Significance Statement

For construction organizations, evaluating competencies is a crucial component in achieving improved performance. In order to attain this outcome, the relationships between project competencies and key performance indicators (KPIs) must be identified. KPIs measure project success against planned values related to cost, schedule, change, safety, quality, productivity, and satisfaction.

Using data collected through interview surveys administered on seven construction projects, Dr. Aminah Robinson Fayek and Dr. Moataz Nabil Omar from the University of Alberta in Canada quantified 41 project competencies with 248 criteria and 7 performance categories with 46 project KPIs. The project competencies were separated into two different categories: functional competencies and behavioural competencies. Functional competencies refer to organizational and project practices that contribute to the execution of tasks on a construction project, while behavioural competencies refer to the attributes, such as knowledge, skills, abilities, motives, beliefs, values, and interests, of individuals and teams working on a construction project.

Following the data collection process, prioritized fuzzy aggregation was used to measure the maturity and agreement of the different project competencies.
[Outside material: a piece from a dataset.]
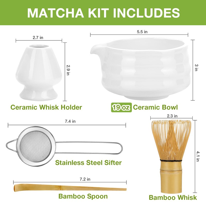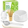 Matcha Whisk Set, Japanese Tea Set (5pcs) includes Matcha Bowl with Spout (19 oz), Bamboo Whisk and Matcha Scoop, Whisk Holder, Stainless Steel Sifter, Tea Making Tools, Matcha Kit

Factor analysis was then performed on the aggregated data to group the different construction project competencies and generate factor coefficients, representing the importance of each project competency within its respective factor group. The factor analysis makes use of eigenvalues (i.e., linear transformations) to reduce the overall number of competency factors into a smaller number of factor groups. The authors created a set of fuzzy neural networks (FNNs), which integrate fuzzy set theory with artificial neural networks. The FNNs use the prioritized fuzzy aggregation results, factor analysis results, and data collected for the KPIs to quantify the relationships that exist between the project competencies and project KPIs.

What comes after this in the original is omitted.